Absolutely Fabulous: The Movie Review

Patsy and Edina in Absolutely Fabulous: The Movie
While attempting to woo Kate Moss as a client, disaster-magnet PR Edina Monsoon (Saunders) accidentally knocks the supermodel into the Thames. Hounded by press and police, she flees to the south of France with reprobate BFF Patsy Stone (Lumley) and granddaughter Lola (Donaldson-Holness).

by Helen O’Hara |
Published on
Release Date:

01 Jul 2016

Original Title:

Absolutely Fabulous

British sitcoms face particular challenges when they attempt the big screen, since the charm of our comedy is that it tends to be small scale, low-budget and full of interestingly unglamorous people. Ab Fab largely escapes that parochial feel thanks to its implausibly wealthy fashion setting, yet this chaotic stumble onto the big screen somehow still comes close to disaster.

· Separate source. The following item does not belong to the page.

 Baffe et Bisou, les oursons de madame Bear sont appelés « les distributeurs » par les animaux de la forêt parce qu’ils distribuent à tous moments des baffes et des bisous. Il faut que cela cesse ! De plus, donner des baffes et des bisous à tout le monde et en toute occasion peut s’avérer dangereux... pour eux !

Patsy and Edina's fizzing chemistry carries us along even when the plot meanders.

A one-two of fashion shows set up the plot and bristle with celebrity cameos. But as with Zoolander 2, quantity does not guarantee quality. Given that the stars involved seem willing to send themselves up it's a shame that it feels haphazardly improvised on the day, to forgettable effect. It's not until the crowd thins later in the movie that the celeb gags hit at all (full marks, Joan Collins and Jean Paul Gaultier).

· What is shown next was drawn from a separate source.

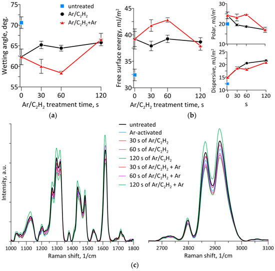 In comparison with pristine polymer, plasma treatment increases wettability (Figure 4a) and free surface energy (Figure 4b). The values for Ar/C2H2 are slightly worse than after initial argon activation, but the post-treatment by argon leads to a significant decrease in the water contact angle (and rise in free surface energy) for the materials with 30–60 s of Ar/C2H2 treatment. The increase in free surface energy is due to the dispersion component of the energy (Figure 4b), which is determined by the action of van der Waals interactions. The polar part of the energy (dipole interactions and the energy of hydrogen bonds) decreases as Ar/C2H2 treatment time grows. However, argon post-treatment boosts the polar component at the interval of 30–60 s of Ar/C2H2 treatment.
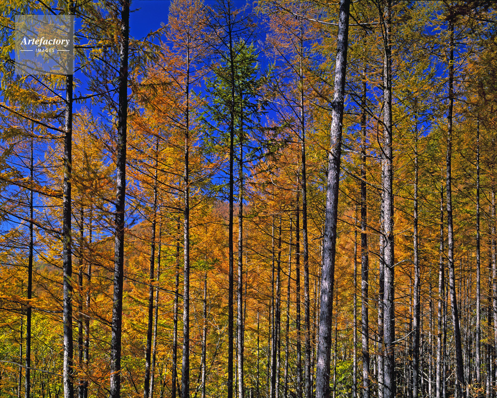| 作品タイトル | カラマツ黄葉と青空。黒沢口付近 | モデルリリース | なし | |

Luckily, things pick up when the film quits wasting time on supporting players and a few misguided attempts at genuine emotion, and turns to its dastardly duo of leads. Saunders' Edina is a reliable buffoon, a fashion victim "trying to do [her] mindlessness" and eternally out of step with the times. Lumley's Patsy, if she has changed at all, has become even more of a scene-stealer, and showcases a morning routine of self-administered botox and rousing recommendations of "fetus blood and a spritz of after-birth" as a beauty regime.

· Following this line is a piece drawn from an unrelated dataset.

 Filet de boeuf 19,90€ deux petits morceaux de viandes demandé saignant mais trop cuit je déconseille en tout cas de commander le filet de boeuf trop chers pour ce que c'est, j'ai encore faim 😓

Their fizzing chemistry carries us briskly along even when the plot meanders again on the Riviera. Saunders' script is filled with enough genuine zingers – the best of them delightfully mean – that even a high rate of misfires and an ending nicked from Some Like It Hot can't bog it down completely. This is at its best when it focuses on two women behaving badly, downing Bolly with fags in their hands and drugs in their hair. The laughs come and go, but Edina and Patsy are classics.

It's scatty, scrappy and thoroughly OTT, but then that's like the characters themselves.